→ **ACTIVITY**: The line with "Navy blue cotton" marks the first line to copy, and the line with "新商品の欧根紗は花の大腸にアイロンをかけます。" marks the last. Transcribe that stretch of the data below exactly, without pictures.

[Records from a collection]
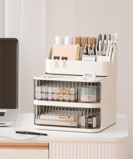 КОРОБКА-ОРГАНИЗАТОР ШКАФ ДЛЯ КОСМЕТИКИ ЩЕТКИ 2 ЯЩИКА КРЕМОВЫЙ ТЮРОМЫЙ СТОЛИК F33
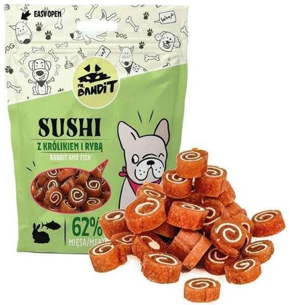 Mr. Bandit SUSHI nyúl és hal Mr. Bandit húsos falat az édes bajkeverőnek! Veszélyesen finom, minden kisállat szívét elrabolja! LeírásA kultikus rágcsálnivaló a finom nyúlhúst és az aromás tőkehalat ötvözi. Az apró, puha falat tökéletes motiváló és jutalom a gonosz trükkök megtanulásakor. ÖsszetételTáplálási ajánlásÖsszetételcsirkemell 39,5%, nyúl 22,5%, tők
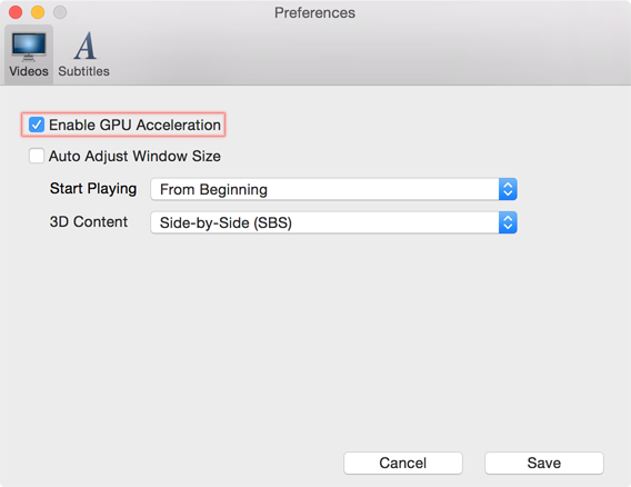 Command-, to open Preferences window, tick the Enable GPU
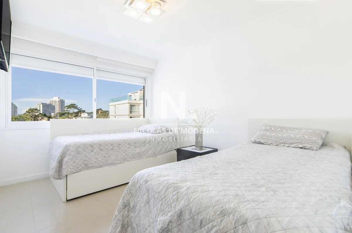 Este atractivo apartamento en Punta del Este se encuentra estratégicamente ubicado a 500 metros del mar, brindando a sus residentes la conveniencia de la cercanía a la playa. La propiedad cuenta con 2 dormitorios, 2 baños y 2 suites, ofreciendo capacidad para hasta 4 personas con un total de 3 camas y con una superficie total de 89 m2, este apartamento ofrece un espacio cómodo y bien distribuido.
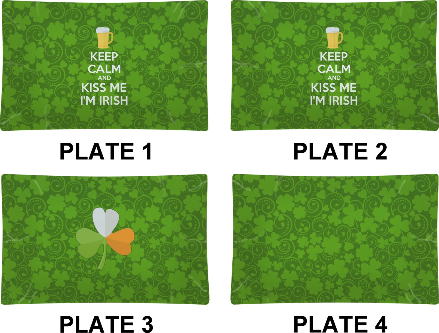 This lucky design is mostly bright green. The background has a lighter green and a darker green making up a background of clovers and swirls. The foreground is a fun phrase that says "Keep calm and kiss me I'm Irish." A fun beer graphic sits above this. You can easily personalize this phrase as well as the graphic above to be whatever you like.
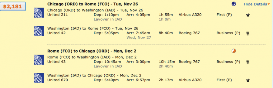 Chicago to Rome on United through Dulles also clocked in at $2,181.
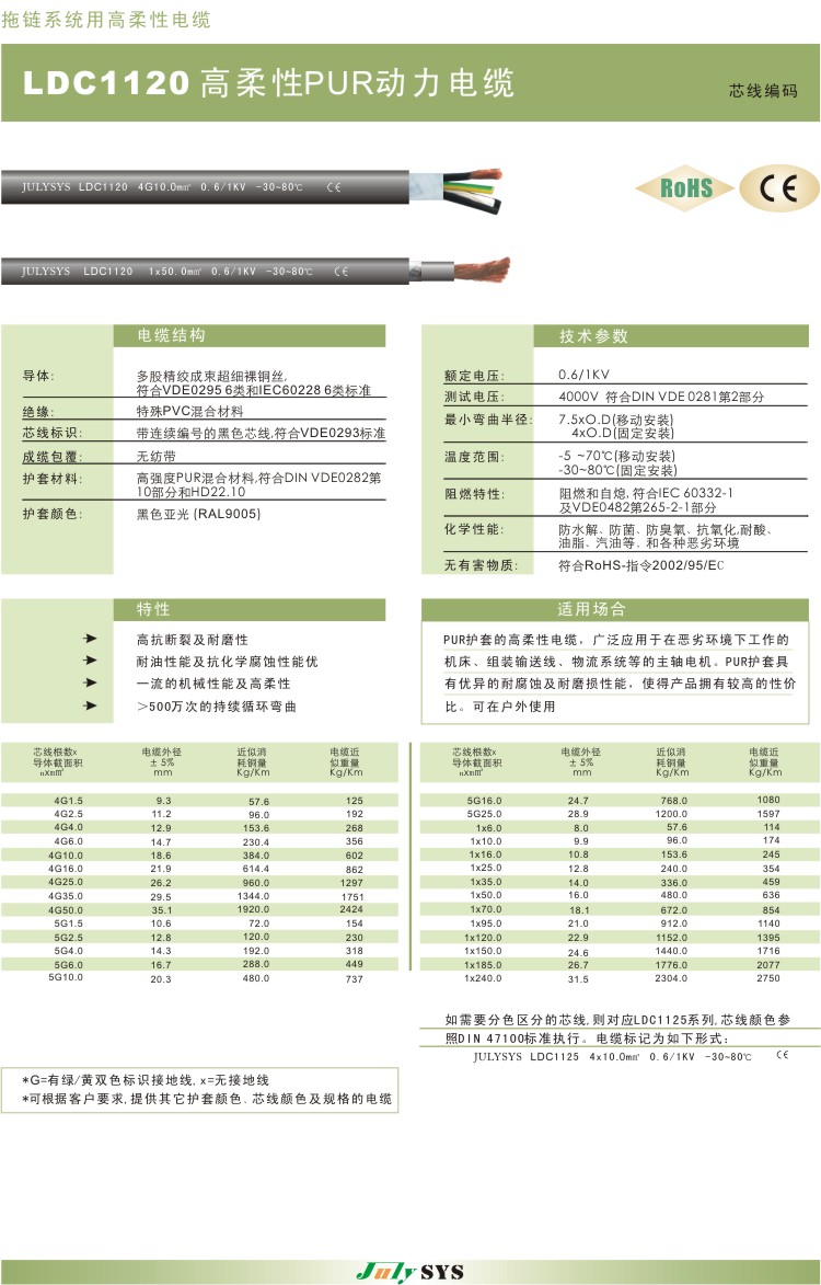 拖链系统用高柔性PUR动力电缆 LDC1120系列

--

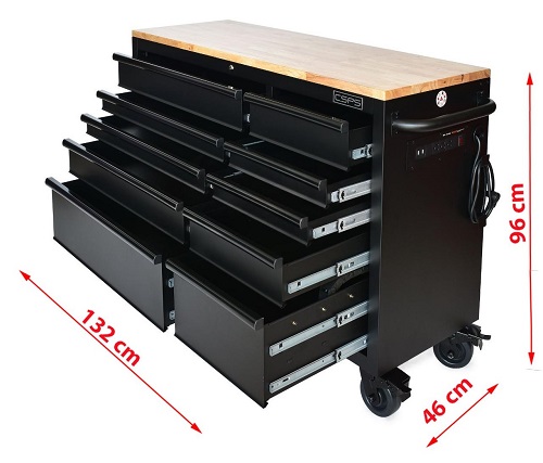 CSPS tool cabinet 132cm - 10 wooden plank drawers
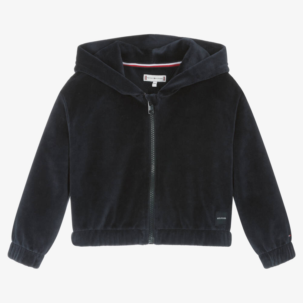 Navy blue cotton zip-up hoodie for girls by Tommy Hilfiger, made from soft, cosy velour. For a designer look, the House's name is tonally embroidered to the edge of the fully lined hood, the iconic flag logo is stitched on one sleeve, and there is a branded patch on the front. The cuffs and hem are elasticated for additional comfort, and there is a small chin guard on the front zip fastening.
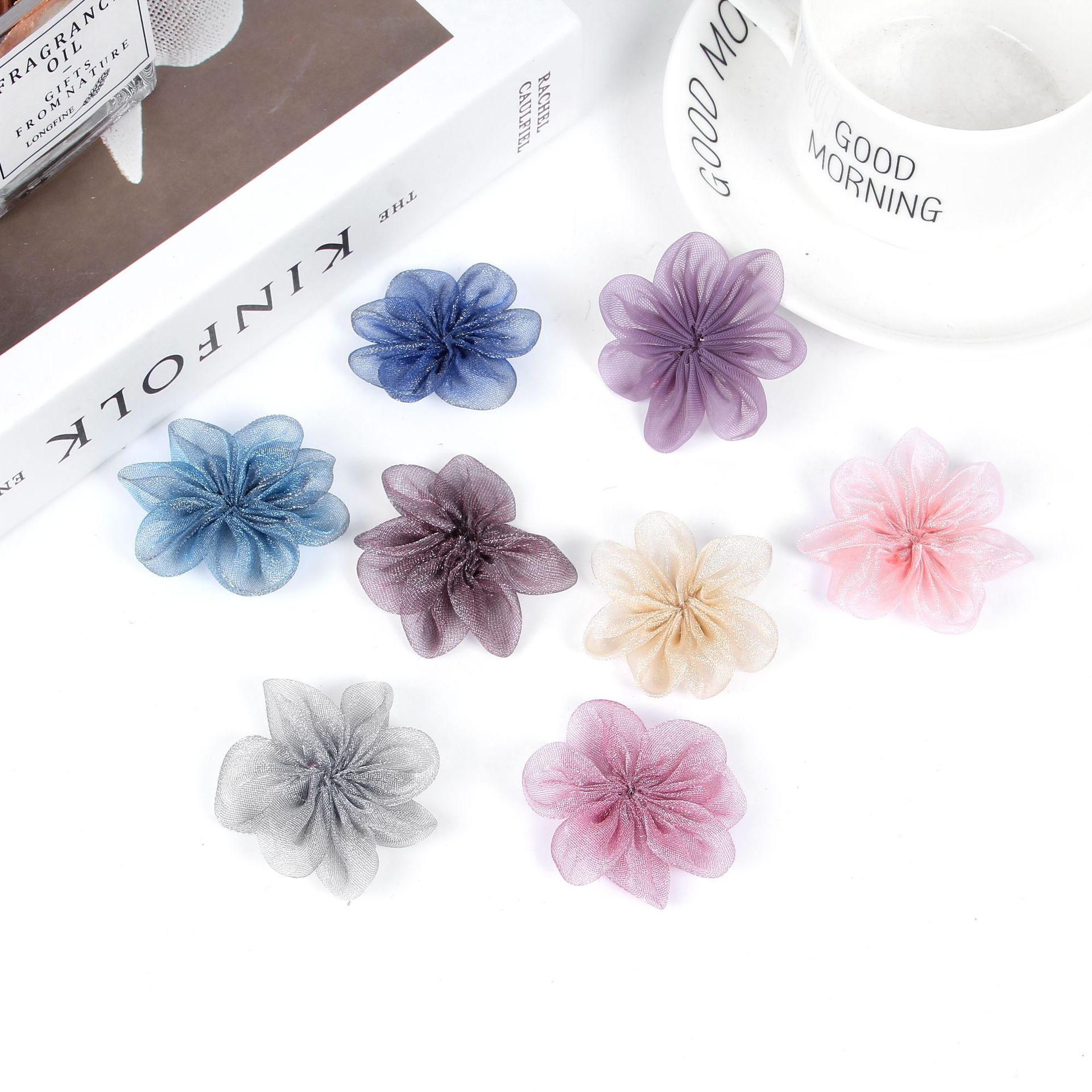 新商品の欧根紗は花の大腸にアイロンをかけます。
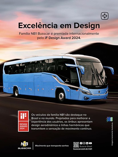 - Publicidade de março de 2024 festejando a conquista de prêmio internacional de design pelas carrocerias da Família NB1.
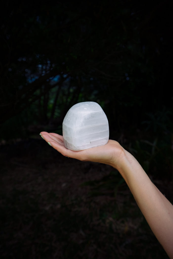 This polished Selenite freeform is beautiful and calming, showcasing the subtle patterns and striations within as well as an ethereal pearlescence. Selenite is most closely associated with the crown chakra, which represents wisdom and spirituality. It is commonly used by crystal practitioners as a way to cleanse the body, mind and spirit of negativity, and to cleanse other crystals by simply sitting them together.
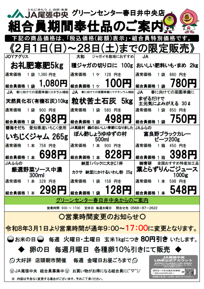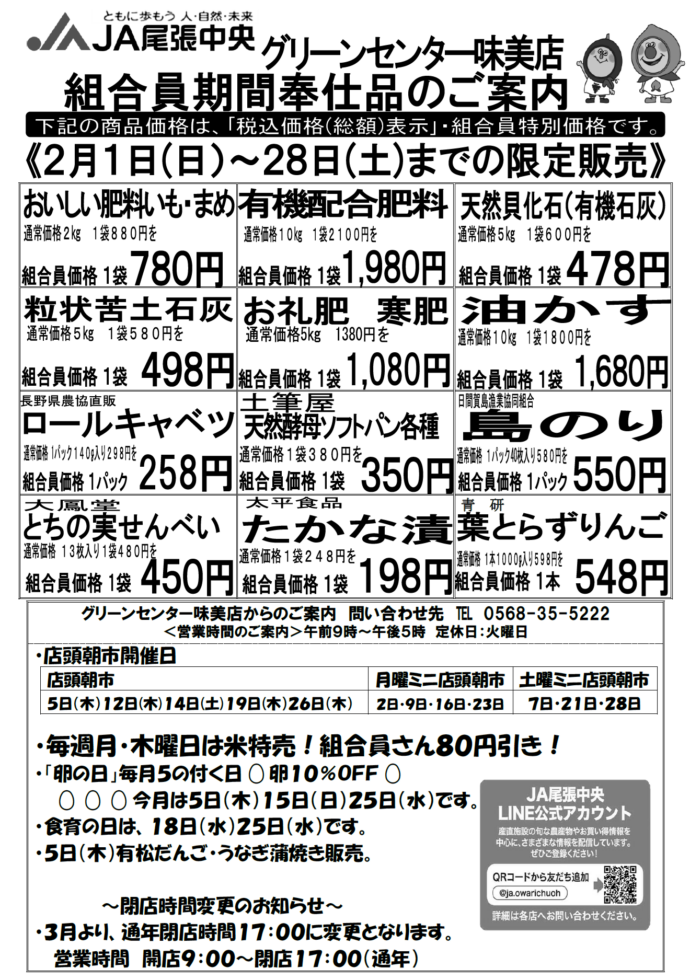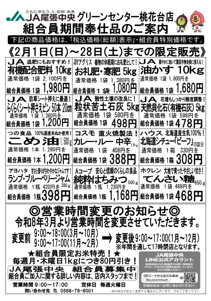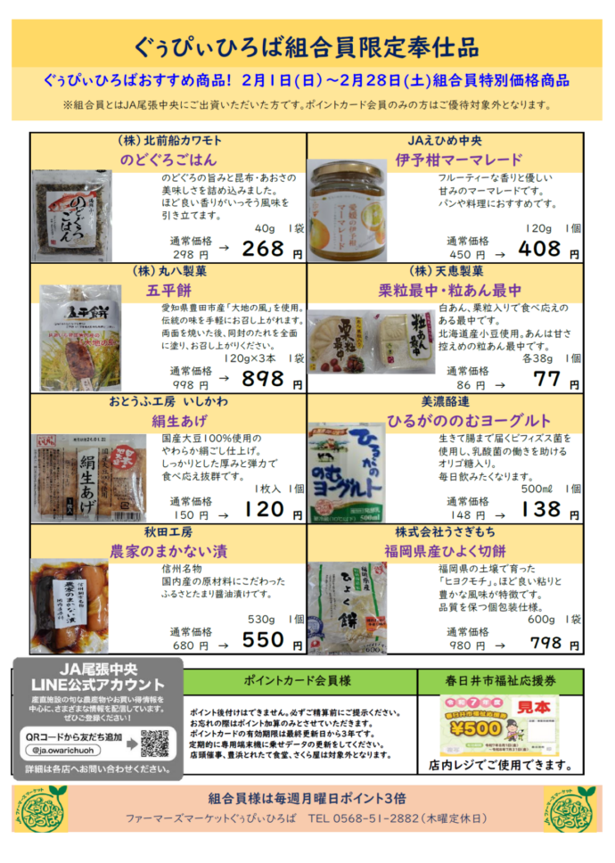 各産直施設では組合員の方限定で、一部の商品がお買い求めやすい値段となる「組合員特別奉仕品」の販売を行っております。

→ **ANSWER BELOW**:
 Navy blue cotton zip-up hoodie for girls by Tommy Hilfiger, made from soft, cosy velour. For a designer look, the House's name is tonally embroidered to the edge of the fully lined hood, the iconic flag logo is stitched on one sleeve, and there is a branded patch on the front. The cuffs and hem are elasticated for additional comfort, and there is a small chin guard on the front zip fastening.
 新商品の欧根紗は花の大腸にアイロンをかけます。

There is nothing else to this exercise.